Our latest poll asked “how much structural information do
you need to begin optimizing a fragment?” Over the past few weeks we received
143 responses, and the results are shown here.
Just over a third of you said that you wouldn’t work on a
project without a crystal structure, while nearly a quarter said you’d settle
for an NMR-based model. In other words, more than half of you demanded fairly
detailed structural data to embark on a fragment optimization campaign.
But consistent with continuing improvements in modeling,
almost a fifth said that a computational model would be just fine.
And perhaps most surprisingly, fully one quarter of you said
that SAR alone would be sufficient to begin optimizing a fragment. Presumably
this is driven at least somewhat by internal successes, and I look forward to
seeing these disclosed in meetings and publications.
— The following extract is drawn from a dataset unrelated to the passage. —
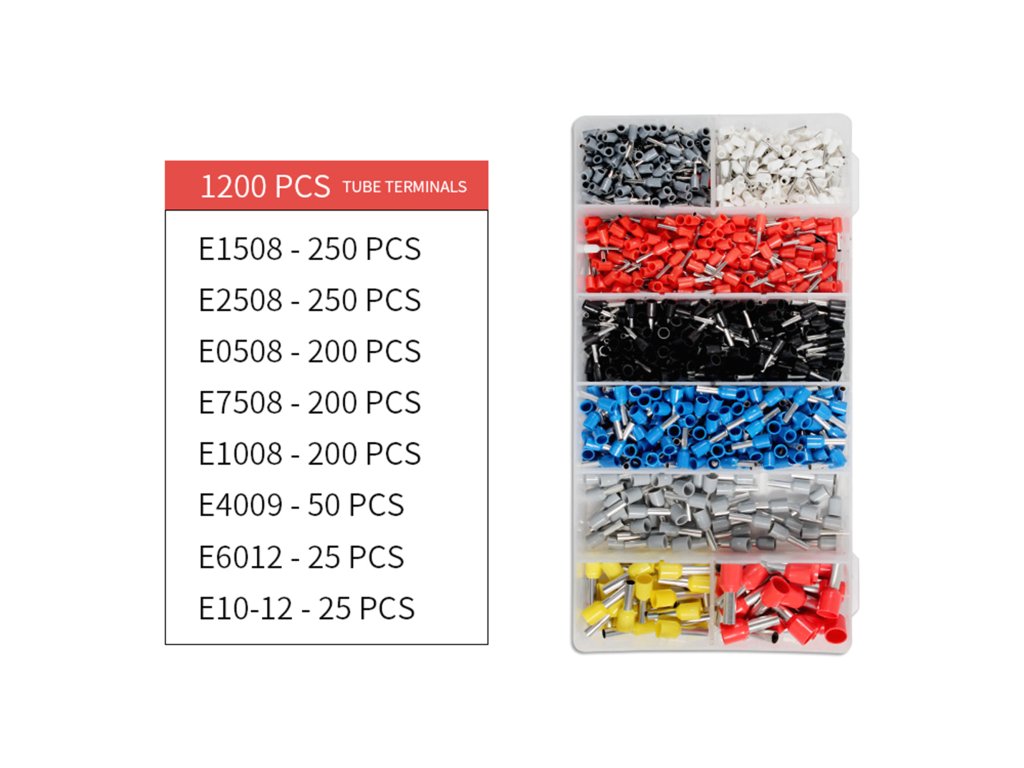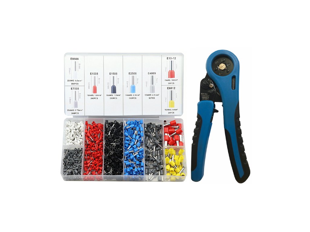 Szigetelt kábelvégző készlet + krimpelő akár 10 mm-ig Krimpelő szigetelt és nem szigetelt, egyszeres és kettős csövekhez. HAT-SZÖGLETŰ krimpelési rendszer, amelynek köszönhetően krimpeléshez nincs szükség nagy erőkifejtésre Kiváló minőségű kidolgozás, biztos krimpelés a reteszelő rendszernek köszönhetően, amely lehetővé teszi a fogó kinyitását csak a krimpelés befejezése után. Nagy kezelési kényelem a praktikus forma és alacsony súly miatt. Az eszköz praktikus, nagyon tartós. Gumírozott fogantyúk javítják a munka kényelmét. Munkaterület: Kettős csövek esetében: 0,5-2,5 mm2 Egyszeres csövek esetében: 0,06-10 mm2 Műszaki adatok: Végződések: szigetelt és nem szigetelt, egyszeres és kettős, Súly: 0,36 kg, Hosszúság: 17,5 cm, Edzett fej, Praktikus automatikus krimpelő, Egyszerű krimpelés egy kézzel, Racsnirendszer támogatja a krimpelést, Kiváló minőségű kidolgozás és hosszú élettartamú eszköz, Megfelel az EN 50109-1 szabványnak. A legjobb modellünk krimpelés támogatási rendszerrel. Az ajánlott modellben a krimpelési folyamatot a racsnirendszer további támogatásával fejlesztették. Speciális mechanizmus lehetővé teszi az egykezes kényelmes krimpelést. Hatszögletű krimpelési rendszer Az ajánlott modellben a cső hat oldalról van krimpelve, ami azt jelenti, hogy nagyon szorosan csatlakozik a vezetőhöz. Az ilyen megoldás további előnye a krimpelt cső alakja, amely körhöz közelít, ami lehetővé teszi az ilyen krimpelt kapocs könnyebb bedugását a dugaszolóaljzatba. Hatszögletű krimpelési rendszer Az ajánlott modellben a cső hat oldalról van krimpelve, ami azt jelenti, hogy nagyon szorosan csatlakozik a vezetőhöz. Az ilyen megoldás további előnye a krimpelt cső alakja, amely körhöz közelít, ami lehetővé teszi az ilyen krimpelt kapocs könnyebb bedugását a dugaszolóaljzatba. Sodrott kábelek végződései: Mennyiség: 1200 db Anyag: PVC + réz Csomagolás: PVC doboz rekeszekkel Szín: piros, fehér, sárga, fekete, szürke, kék Méret: 200 db E0508-fehér: (vezetőhöz 0,5mm2, kiálló elem hossza 8mm) 200 db E7508-szürke: (vezetőhöz 0,75mm2, kiálló elem hossza 8mm) 200 db E1008-piros: (vezetőhöz 1,0mm2, kiálló elem hossza 8mm) 250 db E1508-fekete: (vezetőhöz 1,5mm2, kiálló elem hossza 8mm) 250 db E2508-kék: (vezetőhöz 2,5mm2, kiálló elem hossza 8mm) 50 db E4009-szürke: (vezetőhöz 4,0mm2, kiálló elem hossza 9mm) 25 db E6012-sárga: (vezetőhöz 6mm2, kiálló elem hossza 12mm) 25 db E1012-piros: (vezetőhöz 10mm2, kiálló elem hossza 12mm)Kiegészítő paraméterek

All of these approaches are rapidly developing, and it will be
fun to revisit this poll in a few years to see whether crystallography
maintains its lead, or whether lower resolution methods gain dominance.
In the meantime, are there other topics you’d like to see
polled?
How about before hit optimization?
ReplyDeleteThis might have been polled, but I'd like to see how people stick to the so-called "rule-of-three" when assembling fragments for their library.
Practically, would you also start with fragments with sub-optimal aqueous solubility? This may depend on the size of the fragment, but I found for smaller fragments (MW ~ 200 or less), a solubility of 1 mM (with 1% DMSO in PBS) is usually not sufficient for functional assays since they often bind very weakly to the target.